Our script will perform the core ingestion logic. A critical choice is the chunking strategy. RecursiveCharacterTextSplitter from LangChain is a robust choice that tries to split on sensible boundaries (paragraphs, sentences, etc.).

python

import psycopg2
from psycopg2.extras import execute_values
from langchain.text_splitter import RecursiveCharacterTextSplitter
from sentence_transformers import SentenceTransformer

# --- Configuration ---
DB_CONNECTION_STRING = "postgresql://user:password@host:port/dbname"
MODEL_NAME = 'all-MiniLM-L6-v2'

# --- Initialize components ---
text_splitter = RecursiveCharacterTextSplitter(
    chunk_size=1000,
    chunk_overlap=200,
    length_function=len,
)
model = SentenceTransformer(MODEL_NAME)

def ingest_document(source_id: str, document_text: str):
    """Chunks, embeds, and stores a single document."""
    print(f"Ingesting document: {source_id}")
    
    # 1. Chunk the document
    chunks = text_splitter.split_text(document_text)
    
    # 2. Generate dense embeddings
    embeddings = model.encode(chunks, show_progress_bar=True)
    
    # 3. Prepare data for insertion
    records_to_insert = []
    for i, chunk in enumerate(chunks):
        embedding = embeddings[i].tolist()
        # The content_tsv will be generated by a trigger in the DB for efficiency
        records_to_insert.append((source_id, i, chunk, embedding))

    # 4. Insert into database
    with psycopg2.connect(DB_CONNECTION_STRING) as conn:
        with conn.cursor() as cur:
            execute_values(
                cur,
                """INSERT INTO document_chunks (source_id, chunk_sequence, content, embedding)
                   VALUES %s""",
                records_to_insert
            )
    print(f"Successfully ingested {len(chunks)} chunks for document: {source_id}")

Notice we are not generating the tsvector in the Python code.

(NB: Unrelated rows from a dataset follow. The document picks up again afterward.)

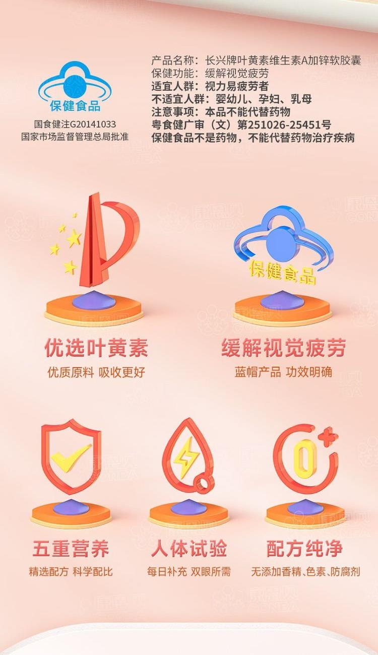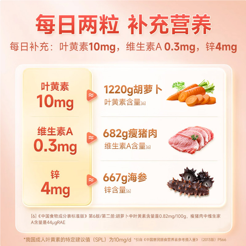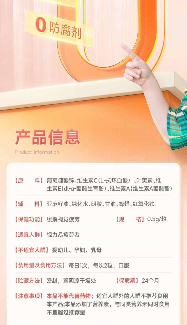 0.5g/粒*30粒 精选优质游离型叶黄素 小分子好吸收 一粒富含5种营养,高能补充 无色素、香精、防腐剂添加
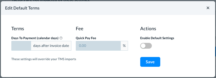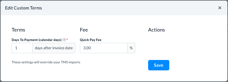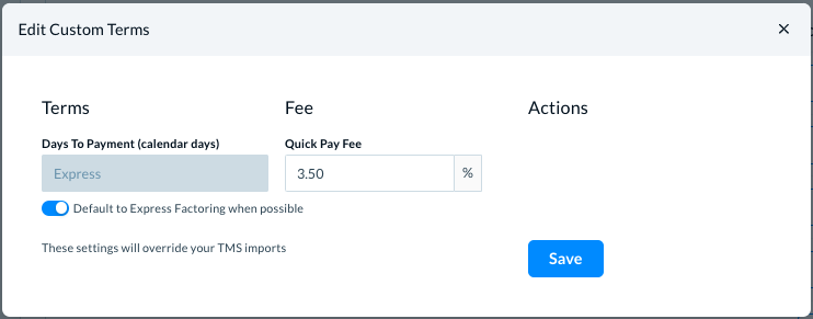 In Custom Terms, you can set up Express factoring for a certain fee for the contractors. (Please see Express Factoring for details.)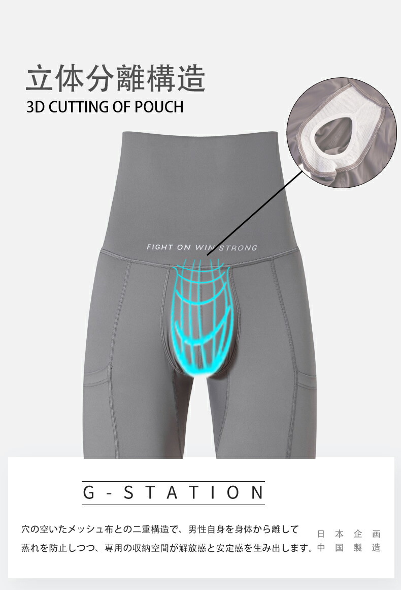 股部分はふくらみのある立体構造。穴の空いたメッシュ布との二重構造で、男性自身を身体から離して蒸れを防止しつつ、専用の収納空間が解放感と安定感を生み出します。セクシーな膨らみが、男性らしい肉体美を強調します。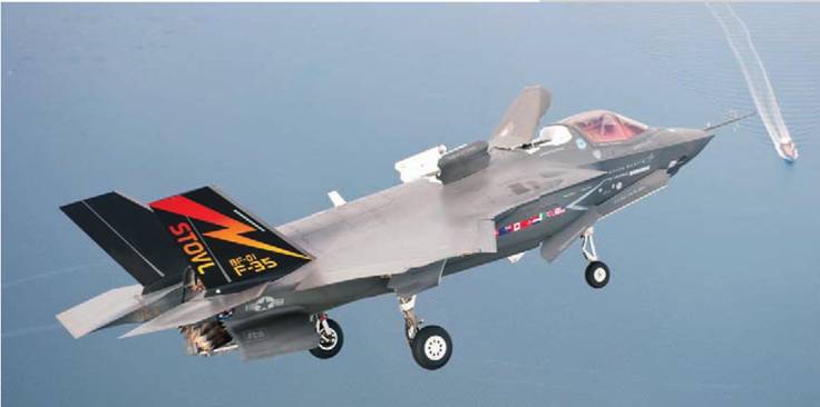 В заключение, несколько слов о международной промышленной кооперации по программе F-35. Головным подрядчиком выступает американская компания «Локхид Мартин», субподрядчиком — «Нортроп Грумман», обеспечивающая разработку палубного варианта самолета, а также техническую и экспертную поддержку по всей программе, выпуск отдельных агрегатов конструкции. Партнером так называемого 1-го уровня является Великобритания, чья компания «BAE Системз» оказывает экспертную и техническую поддержку в разработке модификации с коротким взлетом и посадкой, участвует в проведении летных испытаний, выпуске отдельных элементов топливной системы, системы аварийного покидания самолета и системы жизнеобеспечения; кроме того, британская компания «Роллс-Ройс» активно участвует в разработке силовой установки самолета.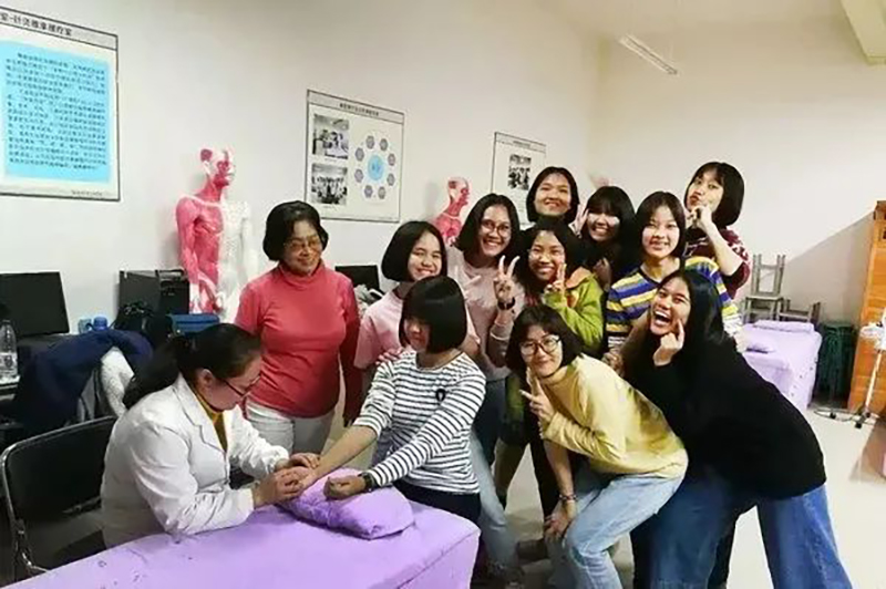 作为针灸推拿的专业课程之一中医传统康复课程是学院对外交流的亮点课程,受到广泛的欢迎。先后为泰国(泰国清莱皇家大学、泰国吞武里大学等)、印度、孟加拉等国家留学生进行中医传统康复疗法培训,培养留学生109人。随着对外交流的进一步深入,不仅推广了专业特色课程,同时为学生拓展视野,为学生在语言、文化、技术等多维度的国际交流创造了较好的环境。

While possible, it's more efficient and consistent to let PostgreSQL handle it automatically using a trigger. This ensures the tsvector is always in sync with the content.

sql

-- Create a function to update the tsvector column
CREATE OR REPLACE FUNCTION update_document_chunks_tsv() RETURNS TRIGGER AS $$
BEGIN
    NEW.content_tsv := to_tsvector('english', NEW.content);
    RETURN NEW;
END;
$$ LANGUAGE plpgsql;

-- Create a trigger that calls the function before insert or update
CREATE TRIGGER tsvector_update_trigger
BEFORE INSERT OR UPDATE ON document_chunks
FOR EACH ROW EXECUTE FUNCTION update_document_chunks_tsv();

Now, any INSERT or UPDATE on the document_chunks table will automatically populate the content_tsv column.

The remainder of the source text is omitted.